А он, Иван, взволнованный еще с ночи, ранним-ранним утром сам запрягал в обкомовской конюшне пролетку… «Персональную…»

Впрягал каурого, молодого Орлика, чистил его до блеска… Вскакивал на козлы и мчался по тихому, утреннему городку к их дому на улице Гарибальди.

Обычный деревянный особнячок с мезонином…

А они уже ждали у калитки. Корсаков в белом коломенковом костюме. И конечно она… «Она!»

Нет, ни одна женщина на земле не умела так смотреть на него! Она словно обнимала его взглядом. Его, здорового, рыжего, ражего двадцатитрехлетнего мужика.

Мужика, который был без памяти влюблен! Покорен и усмирен!

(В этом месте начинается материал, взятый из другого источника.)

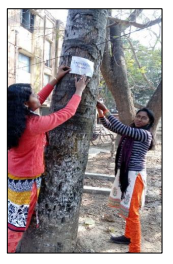
(B) Naming of plants

В высоком, светлом кедровом лесу они собирали орехи.

Позже разводили костер…

Соревновались с Александром Кирилловичем в стрельбе.

«А Кир… был еще только «в проекте?! — очень ясно и бесстрастно подумал Логинов. — И в далеком проекте».

…Потом ели похлебку, которую всегда готовили мужчины.

Тоже соревновались… Впрочем, они всегда соревновались — в стрельбе, в шутовской борьбе, в ловкости, меткости, силе.

Но почти всегда побеждал Александр Кириллович. Тогда он был еще и быстр, и резок. По-особому, по-мужски, расчетлив и ловок. Много раз он бросал на лопатки Ивана, который доверчиво надеялся на свою медвежью силу. Но, подкошенный незнакомой подсечкой, он иногда летел этак метров на десять. Мария Алексеевна только чуть улыбалась. Не обидно! Жалея его…

А он был готов снова и снова бросаться в соревнование, в борьбу.

Но она же останавливала его: «Хватит, Ваня! У вас уже глаза красные! Вот мой платок! Вытритесь, пожалуйста!»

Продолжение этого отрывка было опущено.